When Calam’s crush, Danny, falls in love with Katie, Calam’s jealous rage can be viewed from more
than one angle. Who is she really jealous of? When Katie feels that Calam won’t be mollified, she
leaves town rather than upset her friend any further. It’s interesting that the emotional climax of
the film is not the rather perfunctory and sudden switching of Calam’s affections from Danny to Bill
Hickcock, but her racing her horse after Katie’s carriage to persuade her to return to Deadwood.
And let’s not even get started on the song ‘A Secret Love‘; a song that is supposed to be about
Calam’s realization of her love for Bill, but, well, I’ll just let you watch Doris Day’s performance for
yourselves.
So although everything appears to be sorted out at the end, with Katie and Calam marrying the
“right” men, no matter how much effort the film puts into trying to convince us that Calam and Katie
will be happier as housewives than stagecoach guards or burlesque performers (or prairie lesbians
for that matter), that fate never seems to offer the promise contained in their big numbers, in the
energy of ‘The Deadwood Stage’, the athletic exuberance of Calam’s “The Windy City”, or the joyous
naughtiness of Katie’s “Keep it under your hat”. After these performances, the marriages of Calam
and Katie do seem to represent what Molly Hashell calls “the creeping paralysis of adult
womanhood”.
The setting is also interesting in terms of the sex and gender possibilities it produces.

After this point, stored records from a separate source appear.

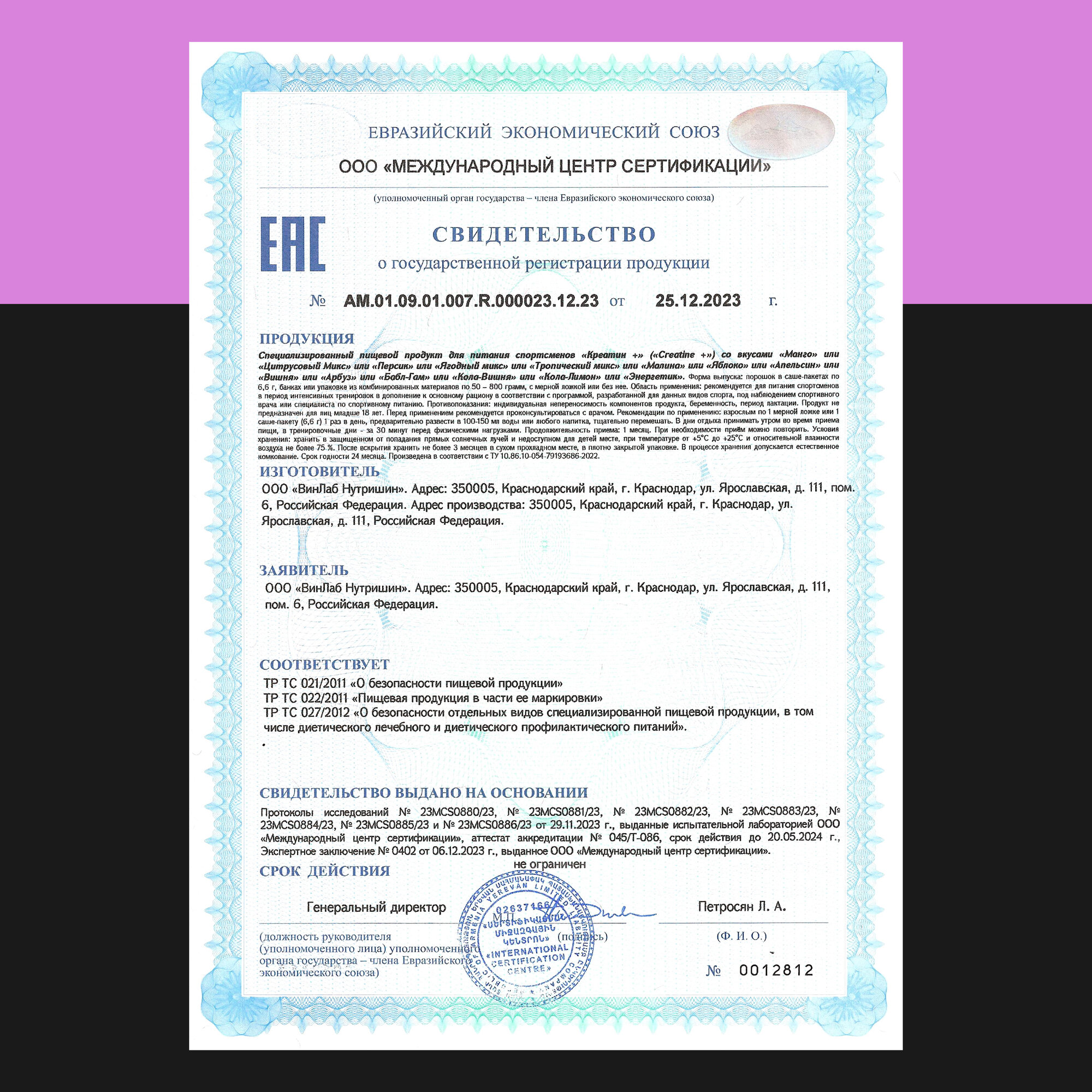 | Форма креатина | креатин моногидрат |
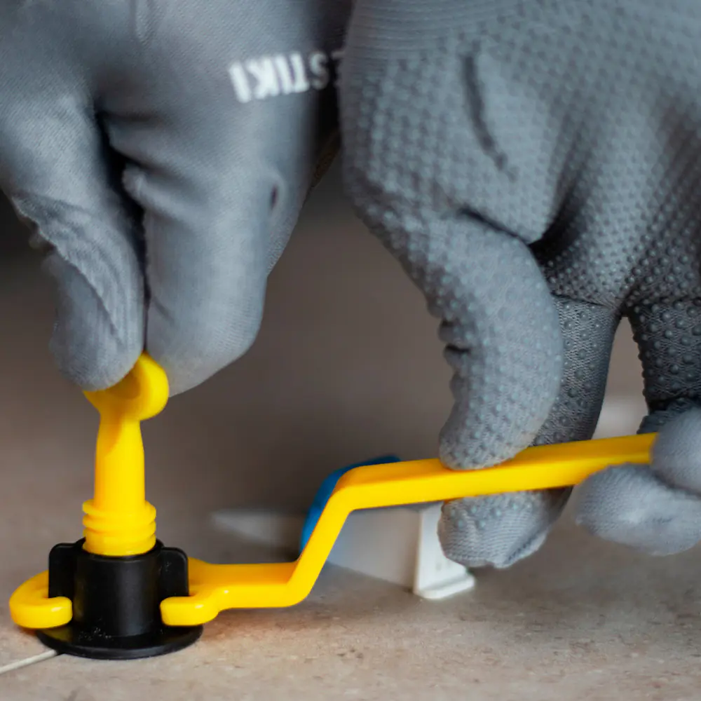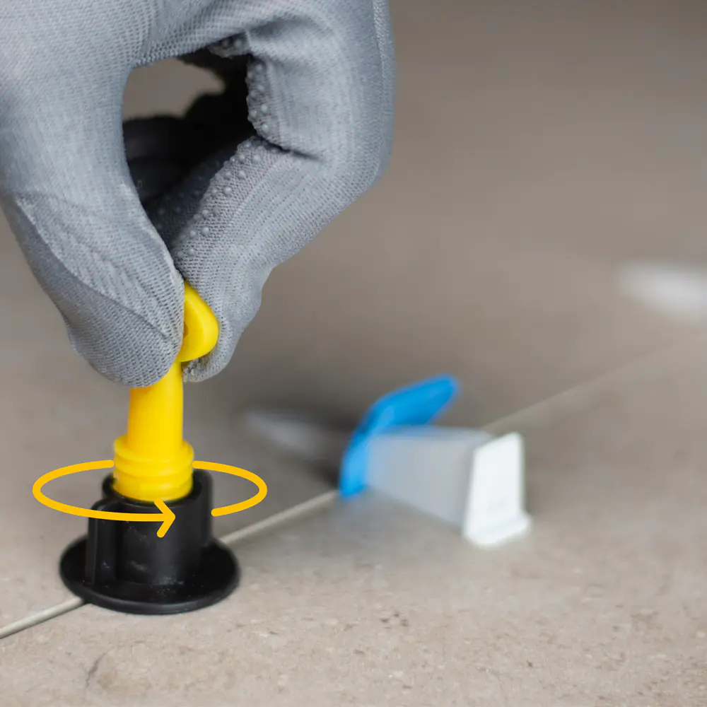 - Плитка уже уложена, но требуется дозатяжка, так как установленных зажимов оказалось недостаточно из-за неровности плиты.
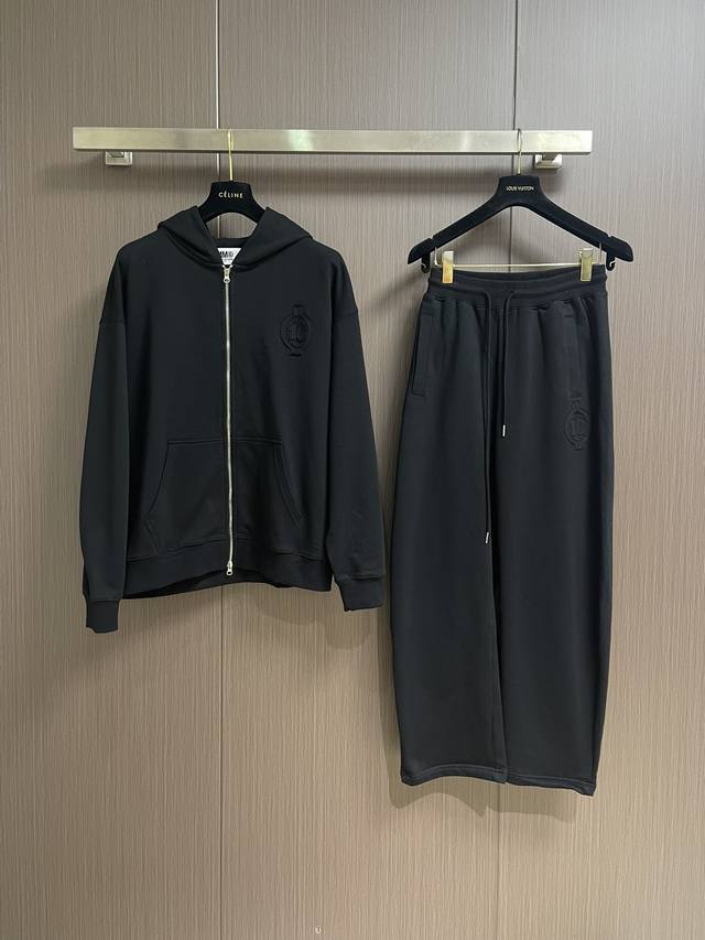 Maison Margiela Mm6 2025Fw Early Spring New Logo Hooded Sweatshirt and Sweatpants Set High-end Double-ply Pure Cotton 400G Heavyweight Fabric Custom Stretch Ribbed Knit Same Dyeing, All Labels Complete Unisex Style. Sizes: M-XL

This fantasy
frontier space cannot be unproblematically celebrated, not least because the characters are quite
upfront about the reason for their presence there, which is oppressing the inhabitants and stealing
their land. The film’s excruciating casual racism prevents it from being entirely enjoyable. But as a
space that is presented as being beyond “civilization”, it does suggest something interesting.

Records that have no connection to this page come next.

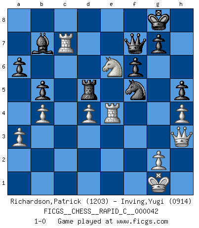 Last move : 1-0 2008 February 26 0:3:0 [Event "FICGS__CHESS__RAPID_C__000042"] [Site "FICGS"] [Date "2007.12.24"] [Round "1"] [White "Richardson,Patrick"] [Black "Inving,Yugi"] [Result "1-0"] [WhiteElo "1203"] [BlackElo "0914"] 1.d4 d5 2.c4 Nc6 3.Nf3 Nf6 4.Nc3 e6 5.Bg5 Be7 6.e3 O-O 7.Bd3 dxc4 8.Bxc4 h6 9.Bh4 b6 10.O-O Bb7 11.Rc1 a6 12.a3 Qd7 13.h3 Rfd8 14.Qc2 Qe8 15.b4 Nd5 16.Nxd5 exd5 17.Bd3 Bxh4 18.Nxh4 Rd6 19.Nf5 Re6 20.Qd1 Rd8 21.Qg4 Rg6 22.Qf4 Rd7 23.Rc3 Qd8 24.Rfc1 b5 25.Ng3 Rf6 26.Qg4 Rfd6 27.h4 Ne7 28.f4 c6 29.f5 f6 30.Nh5 Nc8 31.Nf4 Qe8 32.Ne6 Nb6 33.Qg3 Qf7 34.Re1 Bc8 35.e4 dxe4 36.Rxe4 Nd5 37.Rc1 h5 38.Bc2 Ne7 39.Bb3 Nxf5 40.Qh3 Rd5 41.Rxc6 Bb7 42.Bxd5 Rxd5 43.Rc7 1-0 QGD : Chigorin defense Kingside Castling by player Black (move 6) Kingside Castling by player White (move 10) Player White won this chess game. Follow this game move after move (download)The passion for playing Chess is one of the most unaccountable in the world. (H.G. Wells) Ja, jede Frau in Holland liebt mich bestimmt, und alle Männer hassen mich. (Loek van Wely) Bobby Fischer es el jugador de Ajedrez mas grande que jamás haya existido. (Ken Smith) On peut tirer plus d'utilité d'une partie perdue que de 100 parties gagnées. (Capablanca) Man is still the most extraordinary computer of all. (John F. Kennedy)
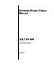 Contents Wireless Router Setup Manual Chapter 1 Connecting the Router to the Internet What’s in the Box? ..........................................................................................................1-1 The Wireless Router Label .......................................................................................1-1 The Front of the Wireless Router .............................................................................1-2 The Back of the Wireless Router .................................
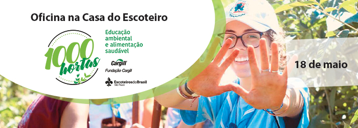 Você sabia que a Região Escoteira de São Paulo tem um novo projeto para trabalhar os conceitos de produção correta dos alimentos, preparo sem desperdícios e a alimentação balanceada e nutritiva? O 1.000 Hortas – Educação Ambiental e Alimentação Saudável é apoiado pela Fundação Cargill e vai ser desenvolvido ao longo de 2019 e 2020 com a comunidade escoteira e não escoteira.
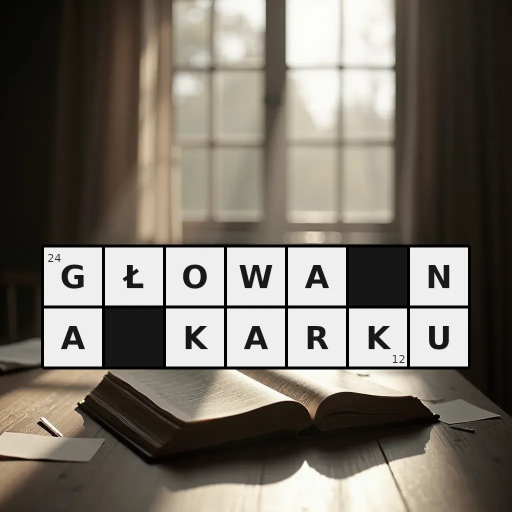 Słowo „głowa na karku” ma 12 znaków (bez spacji i łączników).

Perhaps coercive gendering is required by “civilisation” because coercive gendering is about
upholding civilization, but if you’re outside of civilization, you don’t need to follow the same rules. It
is certainly a space in which gender identities appear to be in flux. The men of Deadwood cannot
recognise that performer Francis Fryer is a man in drag, and when Bill Hickcock says “she ain’t very
pretty”, it is only Calam, in a lovely “it takes one to know one moment”, who replies “that ain’t all
she ain’t!” (Savoy 1778). But once the men get over their anger at the deception committed by
Francis and the bar owner, they accept him readily enough as a effeminate (coded gay) man, just as
they accept Katie once she stops pretending to Adelaide Adams.

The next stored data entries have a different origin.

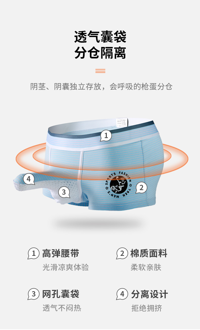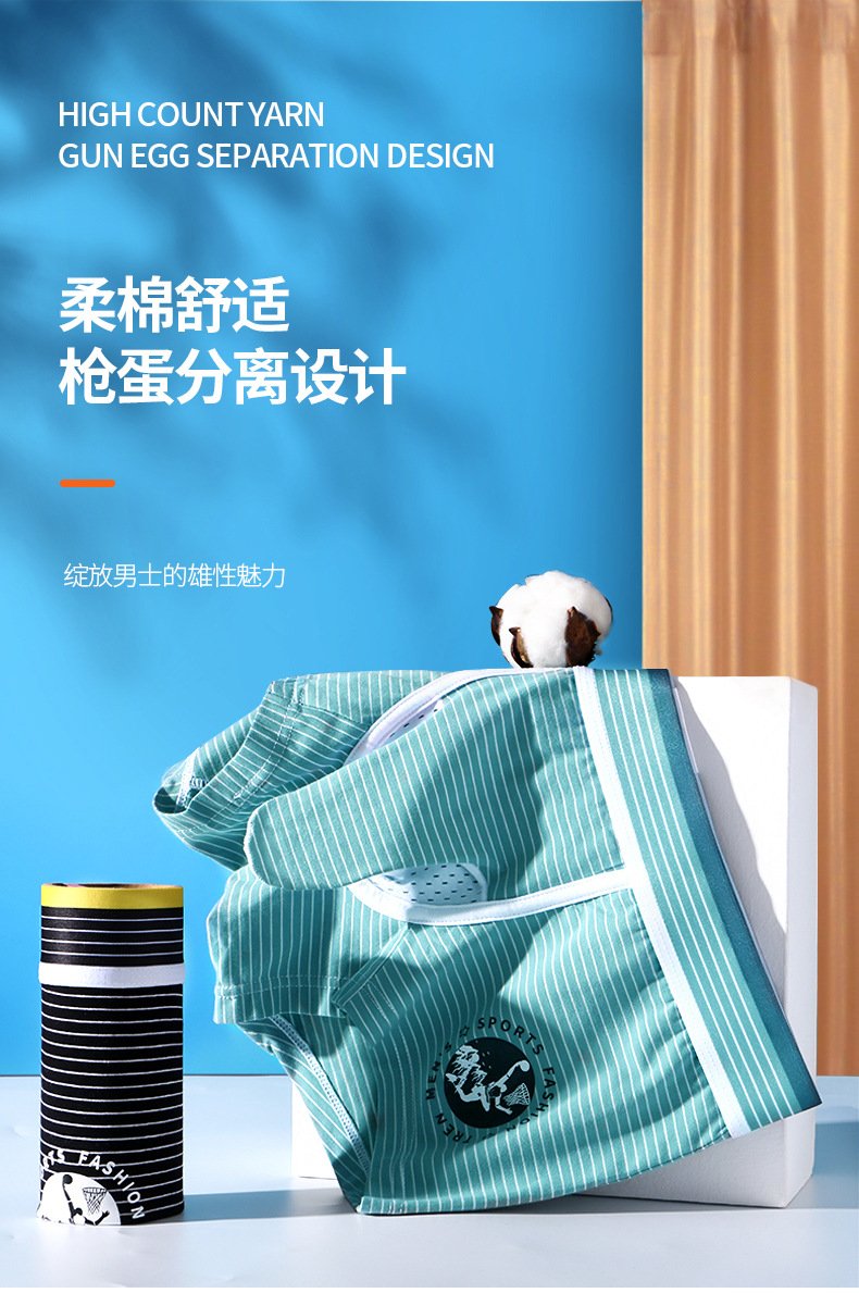 Yanxuan.com에서 엄선한 남성 속옷, 순면 코끼리코끼리 팬티, 통기성과 패셔너블한 스트라이프, 총알 모양의 별도 사각팬티 도매스토어 가기
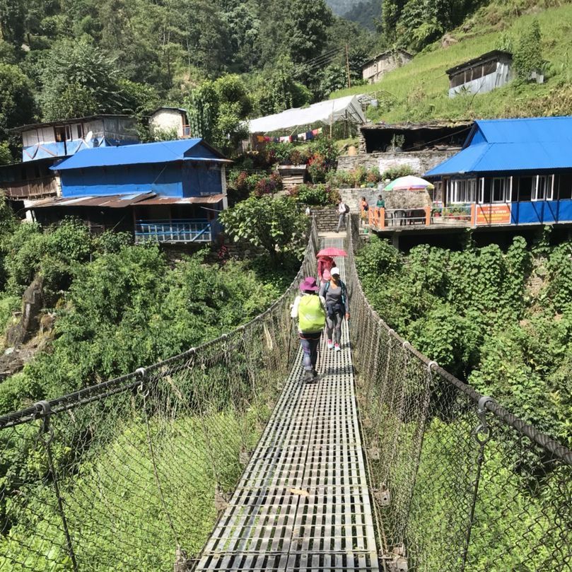 점심을 다 먹고 다시 신발끈을 묶는다. 이 긴장은 3천 계단이 기다리고 있다는 것 때문일까! 먼저 아래가 다 보이는 흔들 다리로 계곡을 건넌다. 나중에 알게 되지만 이게 안나푸르나의 패턴이었다. 다리가 나오면 곧 계단이 등장한다는 뜻이다.
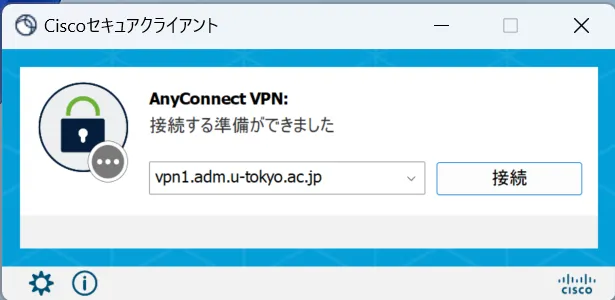 手順E: 準備編でインストールしたCisco Secure Clientを起動すると,以下のような画面が出てきます.VPN接続先として vpn1.adm.u-tokyo.ac.jp と入力し,「接続」ボタンをクリックします.

There is an element of historical truth here because Calamity Jane is based on a real figure, that of
Martha Jane Cannary, a frontierswoman and professional scout who at times in her life also worked
as a dishwasher, a cook, a waitress, a dance-hall girl, a nurse, an ox team driver and a prostitute.
She was a notorious “character” who was known for cross-dressing and passing as male. Whether
we now interpret the historical Calamity Jane as butch lesbian, genderqueer, or transgender, it
seems that the frontier allowed hir a more fluid gender and sexual identity than was possible for
many women who lived in more “civilized” places.
The possibilities represented by the historical Calamity may be softened in the film, but I think they
are so disruptive, they cannot be contained and persistently continues to haunt the narrative. It’s
interesting that as the now supposedly happily married couples ride away at the end, they are
singing Calamity’s song “The Deadwood Stage” recalling the queer thrill of the opening credits, and
suggesting that this thrill has not been entirely vanquished by marriage.
Further reading, Eric Savoy, ‘That ain’t all she ain’t’: Doris Day and Queer Performativity’, in Ellis
Hanson (ed), Out Takes: Essays on Queer Theory and Film (1999). I highly recommend this anthology
to anyone interested in queer theory and film.